- Title card
- Genre: Situation comedy
- Written by: Ian Curtis Oliver Lansley
- Directed by: Elliot Hegarty
- Starring: Chris O'Dowd Kevin Bishop Nina Sosanya Daniel Kaluuya O-T Fagbenle
- Composer: Tim Laws
- Country of origin: United Kingdom
- Original language: English
- No. of series: 1
- No. of episodes: 6

Production
- Executive producer: Saurabh Kakkar
- Producer: Izzy Mant
- Editor: Mark Davies
- Camera setup: Single-camera
- Running time: 22 min.

Original release
- Network: ITV2
- Release: 25 February – 1 April 2009

= FM (British TV series) =

2009 British television series

FM is a British sitcom which aired on ITV2, starring Chris O'Dowd, Kevin Bishop and Nina Sosanya. The series followed the lives of two DJs and their producer on their FM radio programme, "Skin 86.5 FM". The show also featured music from real-life artists and guest stars from the music industry.

The first episode aired on 25 February 2009 and the series ran for 6 episodes. It broadcast on Wednesdays at 22:30. The series launched with 213,000 viewers. The whole series was re-run on Friday 3 April from 22:00 until 01:00. On 13 April 2009 the series was released on DVD with a BBFC rating of 15.

==Cast and characters==

The main cast of FM, from left to right: Kevin Bishop as Dom Cox, Chris O'Dowd as Lindsay Carol, and Nina Sosanya as Jane Edwards

- Chris O'Dowd as Lindsay Carol
- Kevin Bishop as Dom Cox
- Nina Sosanya as Jane Edwards
- Ophelia Lovibond as Daisy
- O. T. Fagbenle as Topher Kiefer
- Oliver Lansley as Neil
- Daniel Kaluuya as Ades

==Production==
A pilot episode was made in 2006 for Channel 4 by Room 5 Productions, with Dean Lennox Kelly, Warwick Davis and Raquel Cassidy in the lead roles. ITV Studios began searching for funding from record companies and radio stations to produce a second series for the show, but to no avail, so only one season was made.

This was the second time O'Dowd played a radio DJ; he had previously done this in the comedy movie The Boat That Rocked.

==Episodes==
In addition to the title being a theme for each episode, they are also all names of songs; continuing the shows music related subject matter.
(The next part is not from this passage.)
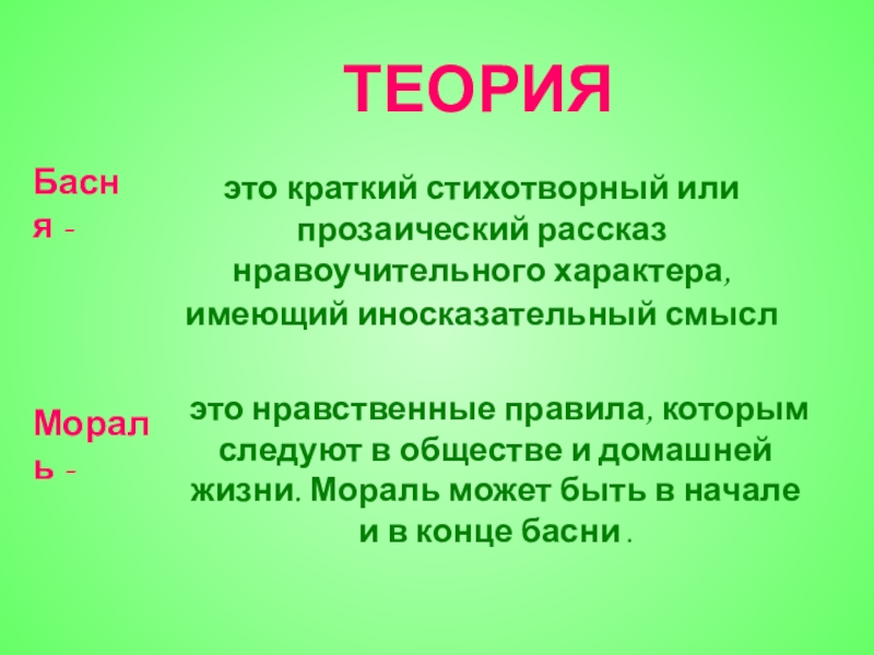 это нравственные правила, которым следуют в обществе и домашней жизни. Мораль может быть в начале и в конце басни .

The songs from each title are "Last Night a DJ Saved My Life" by Indeep, "System Addict" by Five Star, "Return to Sender" by Elvis Presley, "Golden Lady" by Stevie Wonder, "Video Killed the Radio Star" by The Buggles, and "Blinded by the Light" by Manfred Mann's Earth Band.

List of FM episodes
| No. | Title | Directed by | Written by | Original release date |
| 1 | "Last Night a DJ Saved My Life" | Elliot Hegarty | Ian Curtis | 25 February 2009 |
In between putting on their daily radio show, Lindsay tries to reinvent himself as a superstar club DJ, Jane gets to the eighth date for the first time, and Dom is haunted by his boy-band past. Featuring an exclusive performance from Guillemots, plus guest appearances from Marianne Faithfull and Justin Hawkins.
| 2 | "System Addict" | Elliot Hegarty | Ian Curtis | 4 March 2009 |
The group try to stick to some new resolutions: Dom gives up booze, Jane gives up cigarettes, and Lindsay gives up giving up on girls. Featuring a performance by The Wombats, and guest appearance by Toyah Willcox.
| 3 | "Return to Sender" | Elliot Hegarty | Ian Curtis | 11 March 2009 |
Dom goes deaf, Jane is outed as a kleptomaniac, and Lindsay sends out an email that causes mayhem. Also features a guest performance by Ladyhawke.
| 4 | "Golden Lady" | Elliot Hegarty | Ian Curtis | 18 March 2009 |
Lindsay, Dom and Jane have very different experiences of awards season. Featuring Konnie Huq and The Subways.
| 5 | "Video Killed the Radio Star" | Elliot Hegarty | Ian Curtis, Oliver Lansley | 25 March 2009 |
When Lindsay is given the chance to move into TV, he finds the leap harder than expected. Jane suspects that runner Ades is flirting with her. And Dom gets ready for the annual radio industry pub quiz by insulting Tim Westwood and threatening Richard Bacon. Featuring guest stars Sarah Champion and Jamie Theakston, plus a performance by Sway.
| 6 | "Blinded by the Light" | Elliot Hegarty | Ian Curtis, Oliver Lansley | 1 April 2009 |
Lindsay finds his principles tested when he meets a gorgeous but talentless singer. Meanwhile, Dom is conflicted when he is offered a job at a rival station, and Jane meets her nemesis. Featuring a guest appearance by Oliver Chris and a performance by The Charlatans and Screaming Tea Party.